Recorded data

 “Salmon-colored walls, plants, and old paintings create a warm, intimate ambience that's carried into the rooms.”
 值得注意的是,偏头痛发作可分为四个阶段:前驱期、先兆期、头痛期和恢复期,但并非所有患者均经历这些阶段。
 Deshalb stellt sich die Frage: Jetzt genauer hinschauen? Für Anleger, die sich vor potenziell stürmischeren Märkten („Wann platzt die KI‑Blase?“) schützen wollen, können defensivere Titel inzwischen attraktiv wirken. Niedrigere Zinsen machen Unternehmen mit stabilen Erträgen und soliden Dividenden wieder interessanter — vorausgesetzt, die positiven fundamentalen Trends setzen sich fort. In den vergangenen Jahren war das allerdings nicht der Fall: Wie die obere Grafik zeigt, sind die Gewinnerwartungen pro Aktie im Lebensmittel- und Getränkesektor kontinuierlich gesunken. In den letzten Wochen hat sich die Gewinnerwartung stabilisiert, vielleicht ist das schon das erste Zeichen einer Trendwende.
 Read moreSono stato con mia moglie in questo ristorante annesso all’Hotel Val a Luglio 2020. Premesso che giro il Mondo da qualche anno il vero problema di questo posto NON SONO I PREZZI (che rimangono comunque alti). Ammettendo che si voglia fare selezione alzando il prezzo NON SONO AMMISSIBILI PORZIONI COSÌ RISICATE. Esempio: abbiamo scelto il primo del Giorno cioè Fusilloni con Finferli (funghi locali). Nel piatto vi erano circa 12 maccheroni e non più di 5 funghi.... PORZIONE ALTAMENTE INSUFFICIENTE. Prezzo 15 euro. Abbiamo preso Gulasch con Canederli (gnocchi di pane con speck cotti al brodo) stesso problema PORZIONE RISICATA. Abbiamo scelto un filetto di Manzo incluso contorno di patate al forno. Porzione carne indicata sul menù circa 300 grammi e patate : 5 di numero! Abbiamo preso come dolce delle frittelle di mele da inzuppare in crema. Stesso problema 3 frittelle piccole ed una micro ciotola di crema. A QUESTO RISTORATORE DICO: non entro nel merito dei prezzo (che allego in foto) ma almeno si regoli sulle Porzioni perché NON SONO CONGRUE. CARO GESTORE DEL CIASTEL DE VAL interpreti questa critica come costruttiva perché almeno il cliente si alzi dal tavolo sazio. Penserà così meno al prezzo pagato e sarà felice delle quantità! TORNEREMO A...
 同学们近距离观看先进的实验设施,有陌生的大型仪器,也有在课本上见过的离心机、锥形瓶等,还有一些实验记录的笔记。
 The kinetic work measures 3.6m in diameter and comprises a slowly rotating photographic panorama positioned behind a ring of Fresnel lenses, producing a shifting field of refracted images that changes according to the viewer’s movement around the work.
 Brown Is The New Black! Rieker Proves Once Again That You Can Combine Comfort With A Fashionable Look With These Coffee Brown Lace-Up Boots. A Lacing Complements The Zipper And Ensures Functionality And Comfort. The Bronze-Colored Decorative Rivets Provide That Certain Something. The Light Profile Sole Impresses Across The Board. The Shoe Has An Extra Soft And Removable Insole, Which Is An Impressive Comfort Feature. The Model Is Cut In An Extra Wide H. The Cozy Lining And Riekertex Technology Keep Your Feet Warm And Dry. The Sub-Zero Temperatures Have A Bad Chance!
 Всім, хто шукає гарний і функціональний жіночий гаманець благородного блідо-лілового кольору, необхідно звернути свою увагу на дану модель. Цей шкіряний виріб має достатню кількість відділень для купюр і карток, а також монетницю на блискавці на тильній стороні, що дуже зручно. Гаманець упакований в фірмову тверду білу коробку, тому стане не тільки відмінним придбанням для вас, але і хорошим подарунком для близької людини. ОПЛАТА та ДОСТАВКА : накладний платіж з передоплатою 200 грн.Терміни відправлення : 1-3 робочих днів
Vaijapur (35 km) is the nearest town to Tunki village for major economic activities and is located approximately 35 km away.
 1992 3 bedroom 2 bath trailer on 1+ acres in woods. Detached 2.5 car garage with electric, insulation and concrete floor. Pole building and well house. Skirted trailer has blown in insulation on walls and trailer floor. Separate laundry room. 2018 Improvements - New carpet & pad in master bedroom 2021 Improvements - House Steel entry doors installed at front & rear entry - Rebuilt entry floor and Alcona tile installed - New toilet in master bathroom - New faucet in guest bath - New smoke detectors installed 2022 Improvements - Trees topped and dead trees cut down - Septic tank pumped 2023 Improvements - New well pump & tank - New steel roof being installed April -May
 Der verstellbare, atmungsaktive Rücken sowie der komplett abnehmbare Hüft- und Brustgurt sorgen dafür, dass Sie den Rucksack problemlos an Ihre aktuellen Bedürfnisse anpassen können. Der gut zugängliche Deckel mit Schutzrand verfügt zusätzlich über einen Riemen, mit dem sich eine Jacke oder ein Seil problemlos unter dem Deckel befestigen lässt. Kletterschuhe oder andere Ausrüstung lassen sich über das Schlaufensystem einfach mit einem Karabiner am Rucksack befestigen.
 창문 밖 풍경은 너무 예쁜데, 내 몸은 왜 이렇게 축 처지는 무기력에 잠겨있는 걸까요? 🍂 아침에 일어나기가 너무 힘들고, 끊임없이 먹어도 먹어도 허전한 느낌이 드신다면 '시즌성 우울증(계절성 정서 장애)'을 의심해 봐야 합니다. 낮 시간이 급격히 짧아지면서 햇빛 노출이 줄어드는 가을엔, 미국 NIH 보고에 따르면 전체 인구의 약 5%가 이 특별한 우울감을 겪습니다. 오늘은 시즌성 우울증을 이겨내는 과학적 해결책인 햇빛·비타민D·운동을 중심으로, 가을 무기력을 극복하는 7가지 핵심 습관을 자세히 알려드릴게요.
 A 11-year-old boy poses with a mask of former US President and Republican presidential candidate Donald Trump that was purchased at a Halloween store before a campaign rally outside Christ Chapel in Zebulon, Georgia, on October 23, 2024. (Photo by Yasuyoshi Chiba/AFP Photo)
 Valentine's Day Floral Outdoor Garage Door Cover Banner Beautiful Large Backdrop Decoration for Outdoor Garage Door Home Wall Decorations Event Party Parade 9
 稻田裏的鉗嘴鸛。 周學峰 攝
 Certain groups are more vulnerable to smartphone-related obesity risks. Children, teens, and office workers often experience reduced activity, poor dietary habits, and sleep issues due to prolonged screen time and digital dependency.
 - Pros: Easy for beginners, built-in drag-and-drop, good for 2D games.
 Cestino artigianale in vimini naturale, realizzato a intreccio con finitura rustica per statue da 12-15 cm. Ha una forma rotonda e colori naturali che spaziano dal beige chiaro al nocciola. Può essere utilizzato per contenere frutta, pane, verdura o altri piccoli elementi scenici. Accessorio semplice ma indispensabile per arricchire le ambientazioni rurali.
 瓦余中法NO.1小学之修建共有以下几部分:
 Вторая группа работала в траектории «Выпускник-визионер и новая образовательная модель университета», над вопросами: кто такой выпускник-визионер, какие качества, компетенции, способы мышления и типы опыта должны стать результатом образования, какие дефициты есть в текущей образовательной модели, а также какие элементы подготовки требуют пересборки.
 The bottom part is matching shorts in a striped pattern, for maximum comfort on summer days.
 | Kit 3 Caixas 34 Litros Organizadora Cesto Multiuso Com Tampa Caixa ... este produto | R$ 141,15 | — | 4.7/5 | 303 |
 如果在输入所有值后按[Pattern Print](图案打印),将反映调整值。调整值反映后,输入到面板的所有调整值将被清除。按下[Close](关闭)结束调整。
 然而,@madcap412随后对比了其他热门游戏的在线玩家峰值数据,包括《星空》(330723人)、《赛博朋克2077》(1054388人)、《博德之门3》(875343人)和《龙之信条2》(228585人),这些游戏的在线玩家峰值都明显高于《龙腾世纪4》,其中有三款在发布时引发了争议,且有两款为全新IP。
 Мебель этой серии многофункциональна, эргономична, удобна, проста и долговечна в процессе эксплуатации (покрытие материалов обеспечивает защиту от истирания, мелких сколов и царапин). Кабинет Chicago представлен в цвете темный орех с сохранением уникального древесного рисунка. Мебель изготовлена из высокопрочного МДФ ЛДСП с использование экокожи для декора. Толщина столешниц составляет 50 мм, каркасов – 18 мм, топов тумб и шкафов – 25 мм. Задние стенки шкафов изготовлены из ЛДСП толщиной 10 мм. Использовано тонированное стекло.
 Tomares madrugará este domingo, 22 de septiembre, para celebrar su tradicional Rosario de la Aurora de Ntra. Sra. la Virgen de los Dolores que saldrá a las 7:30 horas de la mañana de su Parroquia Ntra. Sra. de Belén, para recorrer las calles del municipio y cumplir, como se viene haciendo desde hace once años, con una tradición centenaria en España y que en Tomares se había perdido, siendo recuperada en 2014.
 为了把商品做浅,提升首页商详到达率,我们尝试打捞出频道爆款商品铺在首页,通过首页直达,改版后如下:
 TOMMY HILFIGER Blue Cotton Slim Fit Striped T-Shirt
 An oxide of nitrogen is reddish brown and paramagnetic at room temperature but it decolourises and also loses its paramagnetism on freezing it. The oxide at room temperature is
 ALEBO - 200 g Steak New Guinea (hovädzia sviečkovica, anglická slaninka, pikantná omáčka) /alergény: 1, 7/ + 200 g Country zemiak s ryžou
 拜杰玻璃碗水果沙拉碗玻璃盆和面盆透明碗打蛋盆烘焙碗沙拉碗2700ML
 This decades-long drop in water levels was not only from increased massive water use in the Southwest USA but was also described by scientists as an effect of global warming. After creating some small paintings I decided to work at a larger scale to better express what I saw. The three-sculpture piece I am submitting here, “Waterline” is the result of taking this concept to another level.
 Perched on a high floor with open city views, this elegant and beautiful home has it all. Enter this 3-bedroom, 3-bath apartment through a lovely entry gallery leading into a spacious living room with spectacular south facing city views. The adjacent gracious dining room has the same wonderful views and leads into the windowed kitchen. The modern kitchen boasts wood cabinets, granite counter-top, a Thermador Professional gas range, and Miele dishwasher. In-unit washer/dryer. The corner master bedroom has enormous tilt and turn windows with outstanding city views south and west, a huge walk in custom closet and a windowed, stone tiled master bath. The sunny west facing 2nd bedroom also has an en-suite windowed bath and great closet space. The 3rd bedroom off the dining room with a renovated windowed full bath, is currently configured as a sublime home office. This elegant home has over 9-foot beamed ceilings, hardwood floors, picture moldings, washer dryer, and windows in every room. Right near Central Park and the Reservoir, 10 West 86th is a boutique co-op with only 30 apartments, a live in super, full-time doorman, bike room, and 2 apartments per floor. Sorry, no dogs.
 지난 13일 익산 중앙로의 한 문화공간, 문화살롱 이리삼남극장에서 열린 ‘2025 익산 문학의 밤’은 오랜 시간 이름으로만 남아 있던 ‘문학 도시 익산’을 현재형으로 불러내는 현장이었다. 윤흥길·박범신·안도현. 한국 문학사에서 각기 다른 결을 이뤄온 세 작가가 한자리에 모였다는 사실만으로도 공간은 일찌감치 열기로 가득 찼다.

§ REQUIREMENT
Of the entries above, repeat exactly the lines between the line with "稻田裏的鉗嘴鸛。 周學峰 攝" and the line with "- Pros: Easy", inclusive, and no others.

§ ANSWER TO THIS PROBLEM
 稻田裏的鉗嘴鸛。 周學峰 攝
 Certain groups are more vulnerable to smartphone-related obesity risks. Children, teens, and office workers often experience reduced activity, poor dietary habits, and sleep issues due to prolonged screen time and digital dependency.
 - Pros: Easy for beginners, built-in drag-and-drop, good for 2D games.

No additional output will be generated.